Air conditioning and air-cooling technology
Air conditioning and air-cooling technology encompasses methods and systems designed to regulate indoor air temperature and comfort. Historically, various cultures developed techniques such as circulating cool water or using fans to create breezes, but these methods often had limitations, especially in humid conditions. The modern air conditioning system, largely based on principles first proposed by Willis Carrier in 1902, operates similarly to electric refrigerators by using specific fluids that change states from liquid to gas to absorb heat, effectively cooling the air.

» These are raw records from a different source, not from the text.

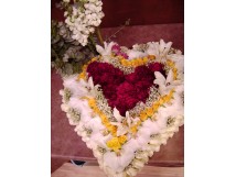 Coeur de deuil composé de roses, lys, fleurs d'orchidées phalaenopsis, oeillets, gypsophyles, giroflées, chrysanthèmes et du feuillage d'eucalyptus.
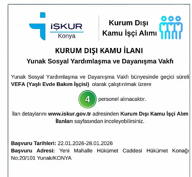 Konya'nın Yunak ve Hadim ilçelerinde VEFA projesi kapsamında Sosyal Yardımlaşma ve Dayanışma Vakıfları bünyesine toplam 6 personel alımı için başvurular başladı.
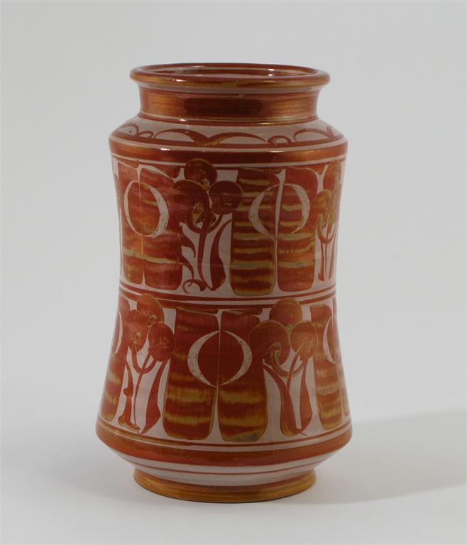 An Alan Caiger-Smith Aldermaston Pottery vase waisted cylindrical form painted with panels in...
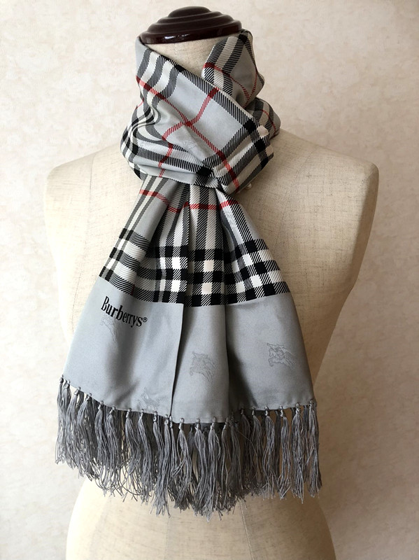- 国産品Burberry バーバリーノバチェック&定番ホースマーク織りロングシルク大判スカーフストール★35㎝×154㎝
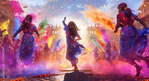 Colorful Celebration A Woman in a Blue Dress Dancing in a Colorful Painted World Generative AI
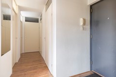 Afgesloten gezamenlijke centraal gesloten entree met brievenbus en bellentableau met intercom, lift/trappenhuis naar tweede etage. De ruime hal op de 2e woonlaag biedt toegang aan slechts 3 appartementen.
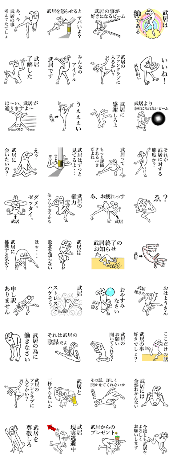 | スタンプ説明 | 名前が【武居/たけい】さんのスタンプ。武居/タケイ/たけちゃん/タケチャン/武居君/たけすえくん/タケスエクン/たけっち/タケッチ/たけりん/タケリン/たけるん/さんへ。 |
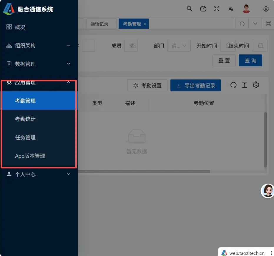应用管理模块包括考勤管理、考勤统计、任务管理、APP版本管理模块。
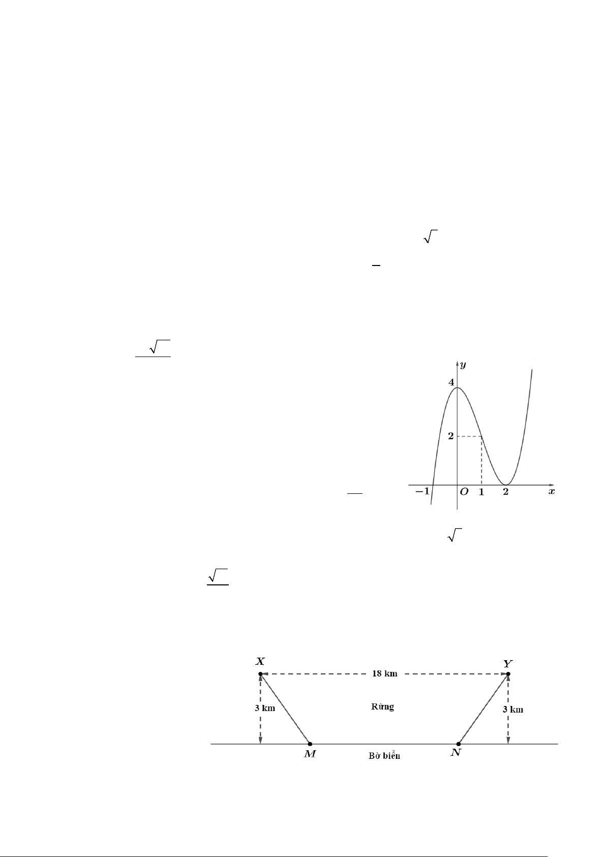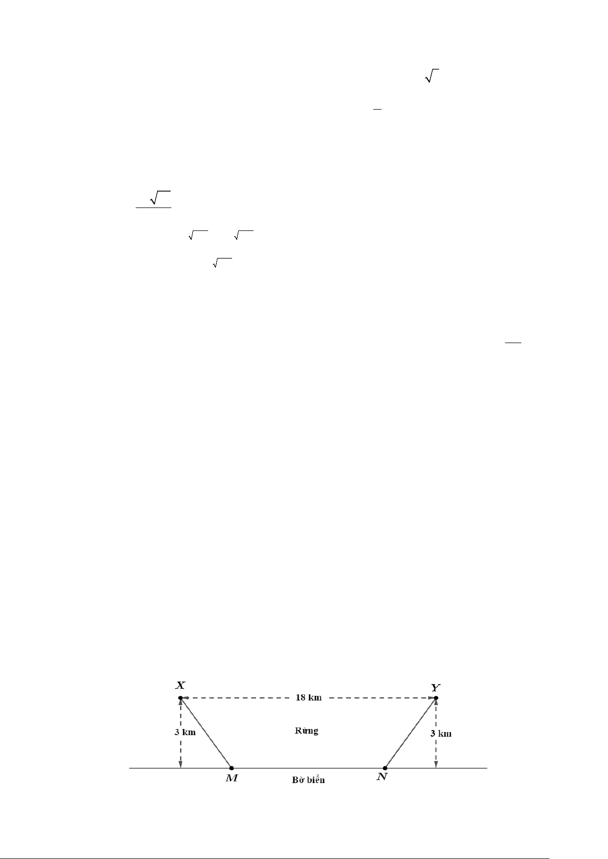 Câu 2: Trong rừng, có hai điểm du lịch ở vị trí X và Y đều cách bờ biển một khoảng bằng 3 km (coi
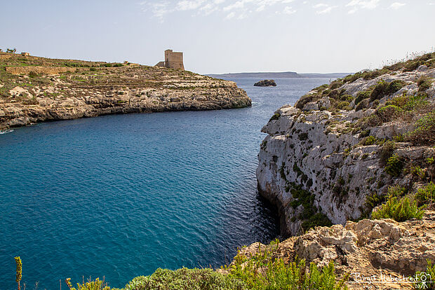 Nur wenige Kilometer westlich von Mgarr liegt der Badestrand Mgarr ix-Xini. Das ist unser erstes Ziel. Am Ende der langgezogenen Badebucht steht auch hier ein Wachturm, der zusammen mit der Bucht ein schönes Foto-Motiv abgibt.

Initially, older systems employed hazardous refrigerants like ammonia or propane; however, the introduction of chlorofluorocarbons (CFCs) in the late 1920s marked a significant advancement due to their non-toxic and stable properties. Unfortunately, CFCs were later found to deplete the ozone layer and contribute to global warming, prompting international efforts like the Montreal Protocol to reduce their usage. Today, energy efficiency is a critical focus, as air conditioning represents a substantial portion of electricity consumption in warmer climates. The Seasonal Energy Efficiency Ratio (SEER) is a key metric used to evaluate the efficiency of air conditioning units, with higher SEER ratings indicating better energy performance. As technology progresses, newer refrigerants are being developed to minimize environmental impact, though they often require system modifications.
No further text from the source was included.